Structural Biology Studies Of Arabidopsis FLU And Its Regulatory Target Protein GluTR

In plants, algae, and most bacteria, tetrapyrrole biosynthesis provides important pigments including chlorophyll and heme. A key regulatory mechanism of tetrapyrrole biosynthesis is the metabolic feedback inhibition of glutamyl-tRNA reductase (GluTR) by heme. GluTR is the rate-limiting enzyme for tetrapyrrole biosynthesis, and in the dark condition, FLU can suppress GluTR activity by negatively regulating and directly interacting with GluTR.Recombinant FLU and GluTR proteins were obtained by prokaryotic expression, followed by Ni-NTA affinity chromatography and size-exclusion chromatography. High purity of FLU and FLU-GluTR complex were obtained, and through crystal screening and optimization, their crystals were grown.

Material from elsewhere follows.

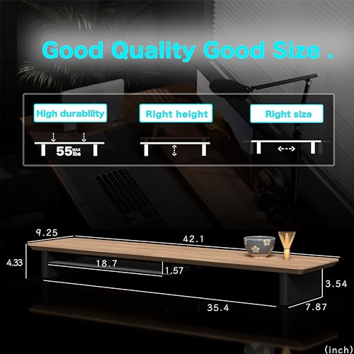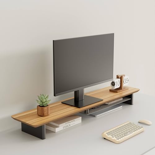 Large Wood Desk Shelf / Dual Monitor Stand / Computer Monitor Riser Desk Stand / Wooden monitor stand for desk 2 monitors (WhiteOak)

Using molecular replacement method, structure of the FLU TPR domain was successfully determined and refined to a resolution of 1.45 A. Structure of the FLU TPR domain in complex with the GluTR dimeric domain was then solved by using the FLU TPR domain as search model, and refined to a resolution of 2.4 A. The FLU TPR domain structure shows that it consists of three non-canonical TPR motifs, and forms dimers through TPR3. Ala262 in TPR2 is one of the few absolutely conserved amino-acid residues, and its mutation will lead to lethal phenotype in Arabidopsis thaliana. The 2.4-A complex structure displays that FLU and GluTR interact at a 2:2 ratio, and FLU binds to the GluTR dimeric domain through TPR1 and TPR3. This interaction occurs through five salt bridges and a hydrogen bond. The ITC experiments evaluate the effects of key amino-acid residues for the FLU-GluTR interaction.For GluTR in higher plants, its C-terminal region is very important for its activity regulation, and the structural integrity of a GluTR dimer is required the interaction with FLU. FLU and GluTR can form a stable complex in vitro. GluTR lacking the C-terminal 15 amino-acid residues can form a dimer, and can interact with FLU. An in vitro activity assay shows that GluTR activity is significantly inhibited in the presence of FLU. In addition, FLU and GluBP, a stimulator protein for GluTR, have antagonizing effects on GluTR activity, and function independently from each other.